Varare una cassa pubblica federale unica (ed eventualmente casse malate pubbliche nei cantoni) permettere di snellire il sistema e far pagare meno tutti.  Come il nuovo sistema debba essere organizzato nel dettaglio andrà studiato al momento opportuno. Intanto è fondamentale che non introduca nuove tasse. Proporre soluzioni che vanno nuovamente a pesare sul borsellino del ceto medio o medio-basso non ha senso, visto che l’obiettivo è ridurre il peso economico sui cittadini, famiglie in primis. 

Se ne parlò nel 2003 con l’iniziativa popolare “la salute a prezzi accessibili”, promossa dall’area progressista. Questo modello aveva un grave difetto: prevedeva che i premi venissero finanziati per il 60% dal reddito, per il 15% dalla sostanza e per il restante 25% tramite l’IVA. L’iniziativa avrebbe dovuto inoltre consentire di portare la quota dell’IVA fino al 50% in caso di bisogno. Sotto il concetto “No, a nuove imposte sulla salute” i partiti borghesi ritennero l’iniziativa “ingiusta, inutile e pericolosa”. Il popolo li seguì e affossò la proposta alle urne il 18 maggio del 2003: dissero “no” quasi i tre quarti dell’elettorato e la totalità dei cantoni.

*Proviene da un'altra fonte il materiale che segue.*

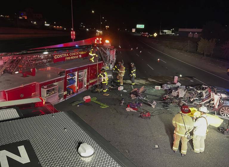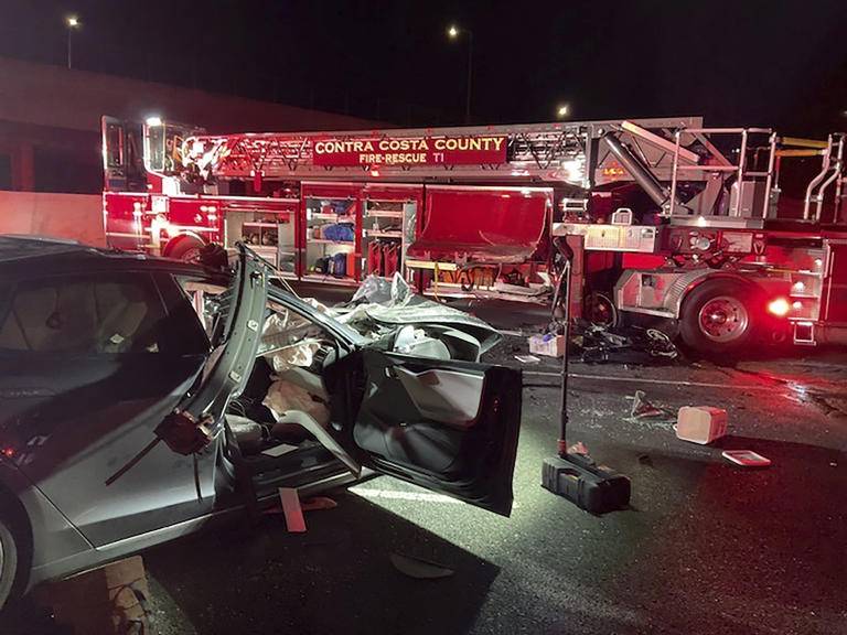 WALNUT CREEK, Calif. (AP) — A Tesla driver was killed and a passenger was critically injured Saturday when the car plowed into a fire truck that was parked on a Northern California freeway to shield a crew clearing another accident, fire officials said.
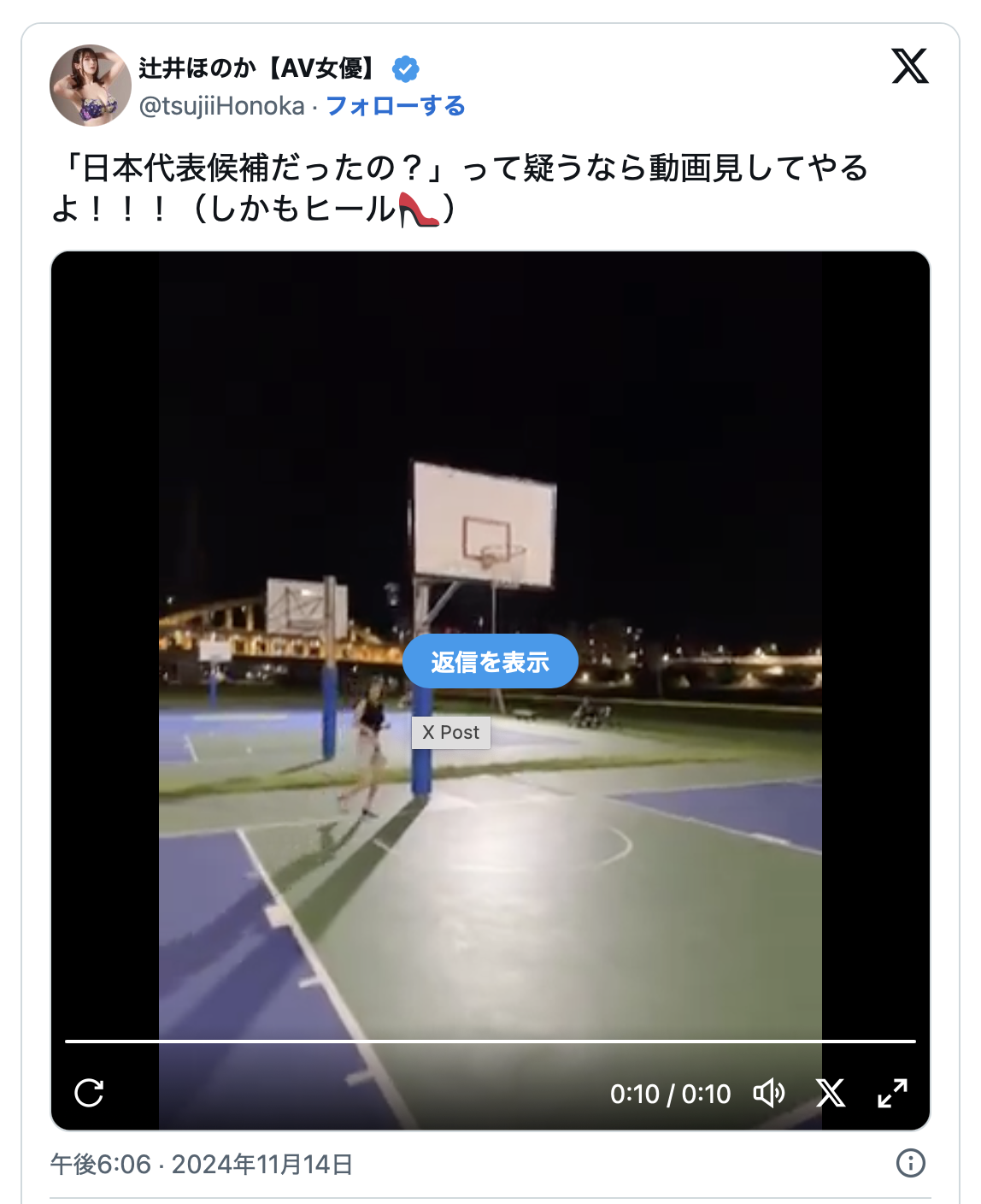 看了这支作品就知道,穿者运动服的辻井ほのか(辻井穗乃果)真是迷人,而且在球场上的基本动作也不含糊,也难怪片商敢说她有入选国家队的实力;如果你懒得去找这支作品的话,没关系,我们直接去看她的社群,这边有她小人物上篮的影片:

Attraverso una cassa unica pubblica, si potrebbe pure, e finalmente, capire a quanto ammontano le riserve miliardarie accumulate dalle casse private e mai ridistribuite ai cittadini (almeno in parte). Per questi e altri motivi la Lega dei Ticinesi - attraverso il consigliere nazionale Lorenzo Quadri - ha presentato un postulato al Consiglio federale per chiedere di allestire un rapporto che valuti da un lato la creazione di un'assicurazione malattia unica e pubblica a livello nazionale e, dall’altro, la formazione di casse malati pubbliche cantonali. È la strada giusta.

Kevin Pidò, candidato al Consiglio Nazionale (Lista Lega dei Ticinesi - Giovani Leghisti)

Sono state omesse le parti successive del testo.